## WHAT IS EXPECTED
Below, find the line containing "Charming light gray" and the line containing "Вид из номера: на бассейн, на сад"; reproduce exactly those two and every line between them, omitting pictures.

## INFORMATION SUPPLIED
####################

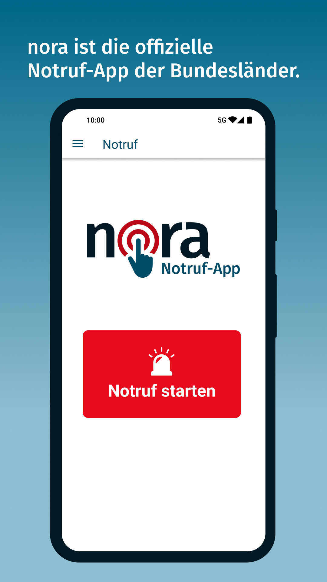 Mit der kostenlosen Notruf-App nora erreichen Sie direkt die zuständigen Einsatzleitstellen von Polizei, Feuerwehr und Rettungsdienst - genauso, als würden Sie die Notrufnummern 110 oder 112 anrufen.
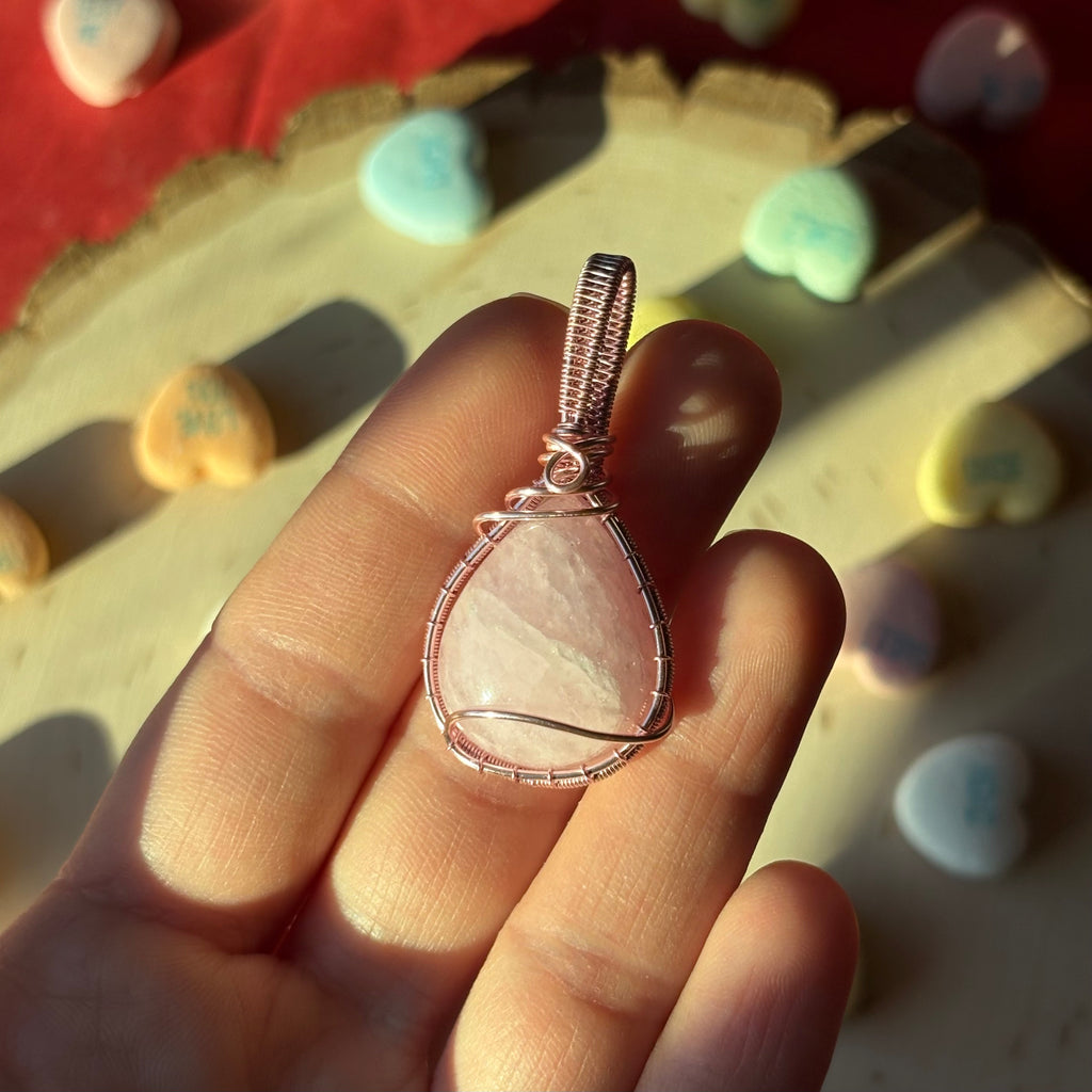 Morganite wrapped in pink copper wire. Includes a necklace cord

####################

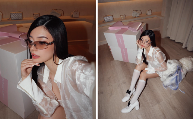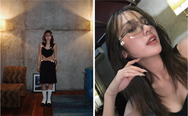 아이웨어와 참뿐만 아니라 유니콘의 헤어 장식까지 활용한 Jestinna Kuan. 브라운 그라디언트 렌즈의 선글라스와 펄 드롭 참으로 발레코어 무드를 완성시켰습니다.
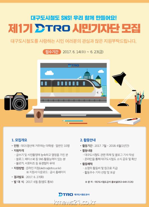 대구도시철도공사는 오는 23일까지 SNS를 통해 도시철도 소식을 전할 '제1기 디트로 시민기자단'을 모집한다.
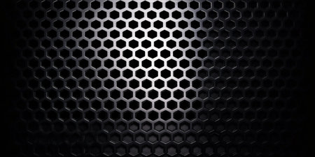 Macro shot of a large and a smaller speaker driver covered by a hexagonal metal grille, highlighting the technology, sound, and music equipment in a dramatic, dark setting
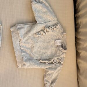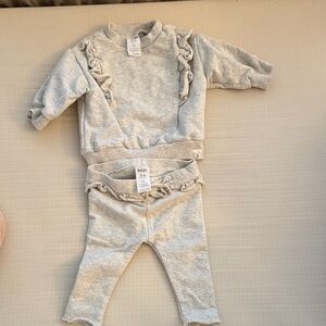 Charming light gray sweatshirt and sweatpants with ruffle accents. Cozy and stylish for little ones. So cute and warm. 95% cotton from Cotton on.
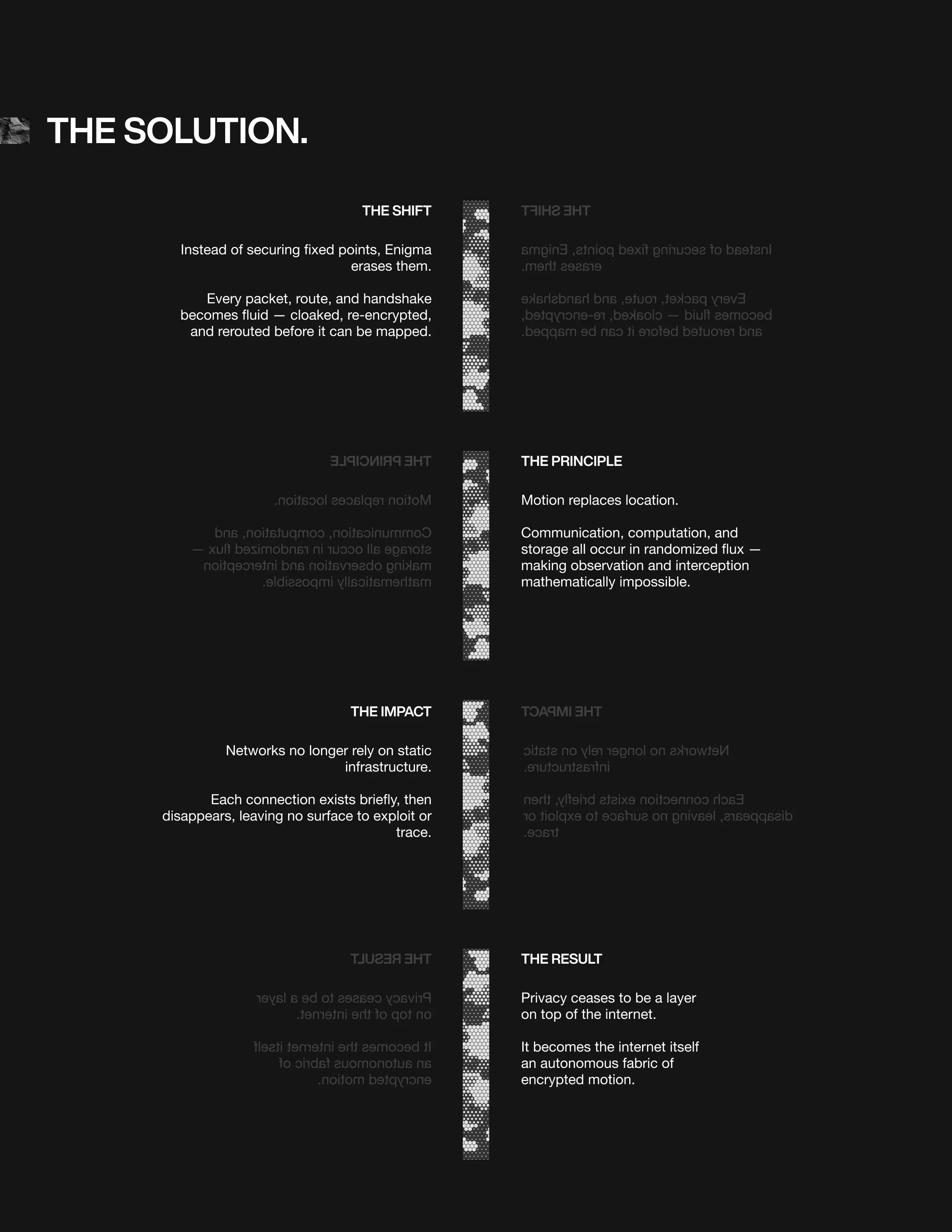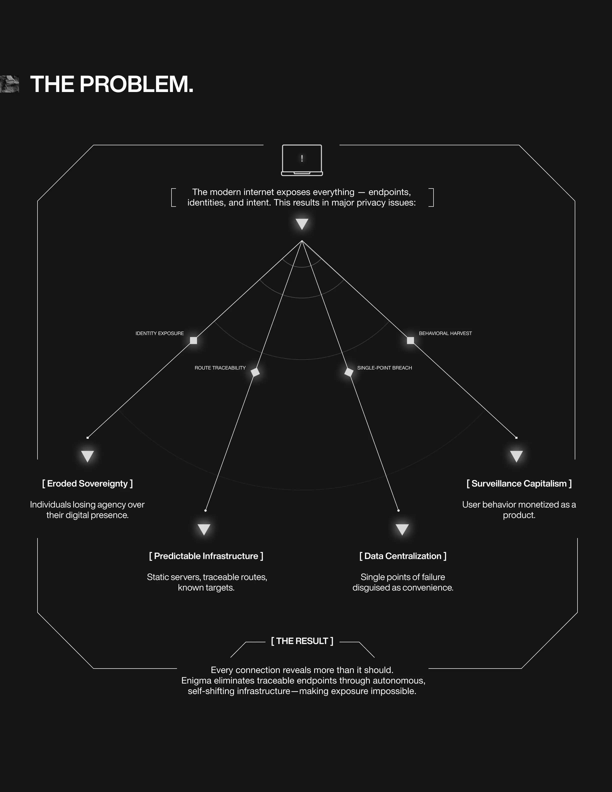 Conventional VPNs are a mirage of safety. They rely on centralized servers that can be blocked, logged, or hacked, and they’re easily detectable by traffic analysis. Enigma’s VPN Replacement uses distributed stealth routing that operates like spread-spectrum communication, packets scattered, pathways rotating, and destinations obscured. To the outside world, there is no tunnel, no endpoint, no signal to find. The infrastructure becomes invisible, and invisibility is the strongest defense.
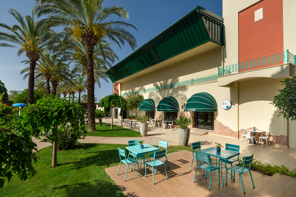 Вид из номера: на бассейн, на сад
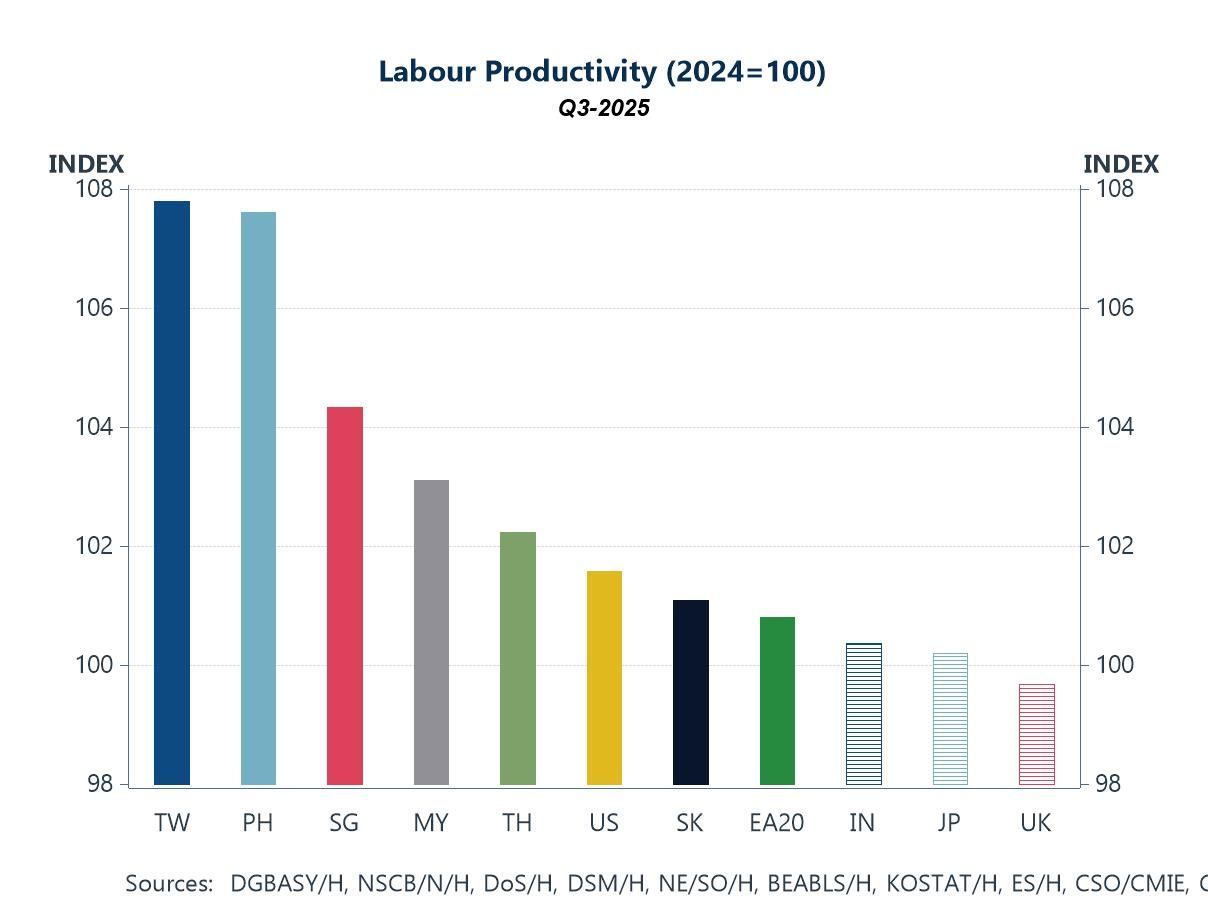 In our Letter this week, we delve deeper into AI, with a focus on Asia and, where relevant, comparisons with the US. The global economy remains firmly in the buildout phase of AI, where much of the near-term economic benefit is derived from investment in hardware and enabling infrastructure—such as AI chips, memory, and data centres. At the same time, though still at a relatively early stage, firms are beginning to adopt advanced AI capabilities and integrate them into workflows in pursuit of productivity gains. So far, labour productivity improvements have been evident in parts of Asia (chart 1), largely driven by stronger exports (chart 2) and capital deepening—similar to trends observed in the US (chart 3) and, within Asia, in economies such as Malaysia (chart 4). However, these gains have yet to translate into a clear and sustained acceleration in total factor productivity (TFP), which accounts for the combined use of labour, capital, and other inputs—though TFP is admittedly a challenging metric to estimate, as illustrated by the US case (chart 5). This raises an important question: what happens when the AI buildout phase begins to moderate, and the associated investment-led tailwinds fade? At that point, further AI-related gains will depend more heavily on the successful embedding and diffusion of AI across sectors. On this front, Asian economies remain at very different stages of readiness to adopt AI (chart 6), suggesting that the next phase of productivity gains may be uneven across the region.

####################

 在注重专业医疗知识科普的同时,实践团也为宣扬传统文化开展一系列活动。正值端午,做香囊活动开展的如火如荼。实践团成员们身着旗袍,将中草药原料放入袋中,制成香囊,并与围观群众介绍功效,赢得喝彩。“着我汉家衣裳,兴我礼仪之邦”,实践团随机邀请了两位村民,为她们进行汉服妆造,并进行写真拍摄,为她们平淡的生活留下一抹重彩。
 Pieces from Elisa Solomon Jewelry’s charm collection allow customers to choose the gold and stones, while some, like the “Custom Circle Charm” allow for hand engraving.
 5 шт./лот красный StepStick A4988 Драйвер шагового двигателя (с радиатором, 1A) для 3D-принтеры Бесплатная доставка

####################

## THE ANSWER
 Charming light gray sweatshirt and sweatpants with ruffle accents. Cozy and stylish for little ones. So cute and warm. 95% cotton from Cotton on.
 Conventional VPNs are a mirage of safety. They rely on centralized servers that can be blocked, logged, or hacked, and they’re easily detectable by traffic analysis. Enigma’s VPN Replacement uses distributed stealth routing that operates like spread-spectrum communication, packets scattered, pathways rotating, and destinations obscured. To the outside world, there is no tunnel, no endpoint, no signal to find. The infrastructure becomes invisible, and invisibility is the strongest defense.
 Вид из номера: на бассейн, на сад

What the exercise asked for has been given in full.